All rights reserved, including the right to reproduce this book, or portions thereof, in any form. No part of this text may be reproduced, transmitted, downloaded, decompiled, reverse engineered, or stored in or introduced into any information storage and retrieval system, in any form or by any means, whether electronic or mechanical without the express written permission of the author. The scanning, uploading, and distribution of this book via the Internet or via any other means without the permission of the publisher is illegal and punishable by law. Please purchase only authorized electronic editions and do not participate in or encourage electronic piracy of copyrighted materials.
The publisher does not have any control over and does not assume any responsibility for author or third-party websites or their content.
These short stories were written to appeal to the middle-school aged readers although many adults seem to find them equally interesting. This first volume ‘A Season of Misgiving’ will be followed by at least eight other volumes collected from the original Ball Park Stories series. Be sure to watch for ‘Hackensack Tales‘, ‘A Sporting Chance‘, ‘School Daze’, ’Our Kind Of Town’ and several other fine short story collections. Also in the planning stage are ‘talking books’ which will be dramatic presentations of these fine stories. We trust you will enjoy them all!
The author of this collection, Al Cline grew up in Middle Tennessee and Northern Ohio. He now lives in Southern California where he is a storyteller, teacher, musician and writer. Like some of his story characters he has had success in numerous fields of endeavor. Al currently maintains a daily blog on facebook called “Mz. Hackensack” where some of the characters from his stories can interact with readers. And yes at one time as a driver, he did drag race an empty Bus #47 and lose to a fully loaded soft drink truck!
Foreword to A Season of Misgiving
In addition to a risible introduction to the ubiquitous Mildred J. Hackensack, you will, as readers, if, after suspending disbelief, you allow yourselves the luxury of enjoying stories that are frequently outside the bothersome net of reality. You suspend disbelief anytime you chose to enjoy any dramatic or comedic offering so that your enjoyment won’t be fettered with notions that “That can’t really happen—or can it?” When you allow yourselves, dear readers, this freedom, you may also find yourselves exposed to the musical subtleties that Al Cline invariably infuses into his projects. These nuanced notes add to the pleasure—if you let it.

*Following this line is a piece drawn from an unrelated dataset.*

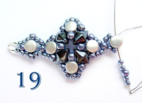 Následujícími korálky přejděte do právě ušitého korálku PH, navlékněte 2 korálky T 11/0, 1 korálek T 8/0, 2 korálky T 11/0 a jehlu provlékněte korálem PH (obr. 19).

Perhaps the lyrical qualities of the stories has something to do with the Irish roots of the Smith family who, despite the ubiquity of Ms. Hackensack in their lives, is regularly visited by Patrick O’ Lafferty, a bona fide Leprechaun. Don’t worry, it’s all part of the fun you will have after suspending that nuisance, “disbelief”.
Patrick, in his green jacket, knickers, and black shoes with big silver buckles and the derby, tilted jauntily, even under the watchful, mistrusting eyes of Charles Smith, does what leprechauns excel at—mischief. We are never told so, but, could it be that Ms. Hackensack is related as well?” Hmm.
The jokes whether anachronistic or have contemporary references are quite frequently non sequitur, and they come at us with rapid-fire velocity. Don’t worry for Mr. Cline. It is all part of the fun. That some of the jokes defy logic and some are plain corny, tends to make them all that more endearing. Since you have already suspended disbelief, you can now embrace the story-telling for what it is—pure, unadulterated escapism.
Besides, who knows whether or not there is somewhere—perhaps in a parallel universe somewhere, a “Fruitcakes R’ Us” super store. And then, it would not be inconceivable that such a superstore could be part of Hackensack Enterprises, Inc., could it not?
In the world we know as ‘the real world’, we must remind ourselves ad tedium, that we have lived among such powerful and mysterious entities as World com, Enron, Global Crossing and a host of other giants, who frequently declare themselves to be real so that they can frighten us poor mortal children. So why not Mildred J. Hackensack, who alternately, runs a superstore that sells fruitcakes, appears again miraculously immediately before the Fourth of July with the greatest fireworks stand that the folks in Ball Park, the lovely, close-knit community nestled in the mountains of Northeast Georgia in Creosote County, have ever seen or had the pleasure of watching go up in a blaze of glory? And why shouldn’t she have the corner on Christmas Trees as well?
As when she is watching the remains of Bus #47 burn or Halloween parties and treasure hunts go awry or, for that matter, when she makes announcements about the specials on aisles 67Z or 67R or any of the countless other aisles, her omnipresence together with the raspy laugh suggests as always, “Idn’t it Fun?” (Punctuate this last question, dear reader, with your own shrill, witch-like laugh).
Mike Ivie is a veteran actor with television, film and stage credits. He is also the author of four published works; Stories I heard at Grandma's Knee, Philo's Adventure, Ella Mae's Tale and Warm Hearts in a Cold War, A Novel.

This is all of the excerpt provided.